Previously: Modeling Identity Types.

On first viewing, the identity type seems odd. Does it make sense to replace the traditional yes/no equality predicate with an elaborate type of equality proofs? In fact the father or modern type theory Martin Löf had his doubts, and initially tried to reflect all identity proofs into more basic judgmental or definitional equalities. This turned out to be too restrictive for many applications.

Still, some modern theorem provers like Lean impose the uniqueness of identity proofs (UIP) condition as an axiom. This so called axiom K states that reflexivity:

\text{refl} (a) : \text{Id}_A (a, a)

is the only possible proof of equality. Two things are equal if they are the same thing, otherwise they’re not. This works for most common data types.

Universes

There is, however, a much more interesting use case for non-trivial identity types. This happens when we apply equality to types themselves.

Since type theory is all about types, the question naturally arises, what is a type of a type? In Haskell, we call it a kind and denote as Type (or *, in legacy code).

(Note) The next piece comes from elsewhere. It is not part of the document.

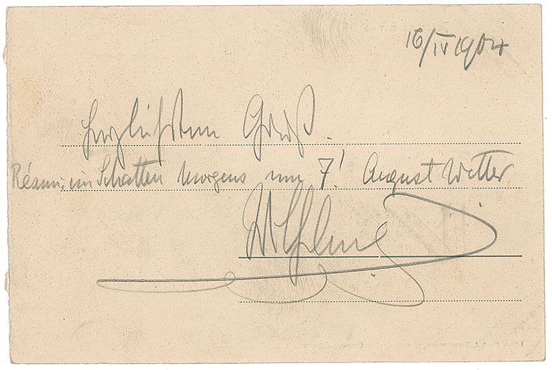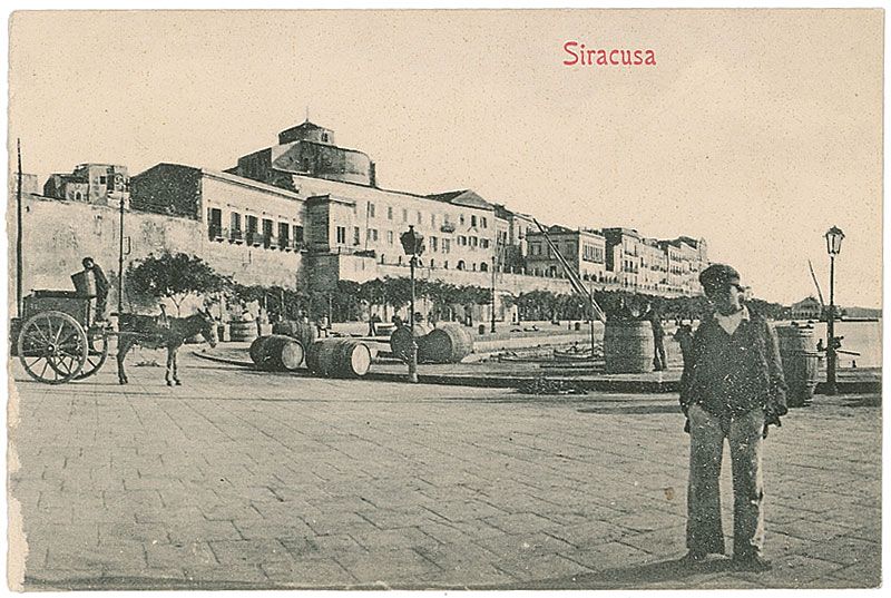 Vintage 5.25 x 3.5 postcard featuring an image of Siracusa, Italy on the front, signed on the reverse in pencil below a brief untranslated ANS in German, and dated April 16, 1904. In fine condition, with trivial soiling and a couple light fingerprints.

In type theory we say that types form a universe. In Agda, the lowest such universe, U_0, is called Type l-zero (level zero), often abbreviated to Type. Of course, this begs the next question, what is the type of Type? Well, Type is a member of the next universe U_1, and so on, ad infinitum.

But if Type is a type then, like all types, it must be equipped with its own identity type. In other words, we should be albe to compare types for equality. The most obvious choice would be to say that two types are equal if they are isomorphic. We define an isomorphism as a pair of functions that are the inverse of each other. This makes perfect sense for sets, but we don’t want to treat types as sets. Types have more structure: every type comes equipped with its own identity type.

Equivalences

We’ve seen before that to model identity types we may look at homotopy theory. We model types as topological spaces and equality as continuous paths between points. The notion of isomorphism is too strong for comparing such spaces. What we need is an equivalence, which is an isomorphism modulo equality.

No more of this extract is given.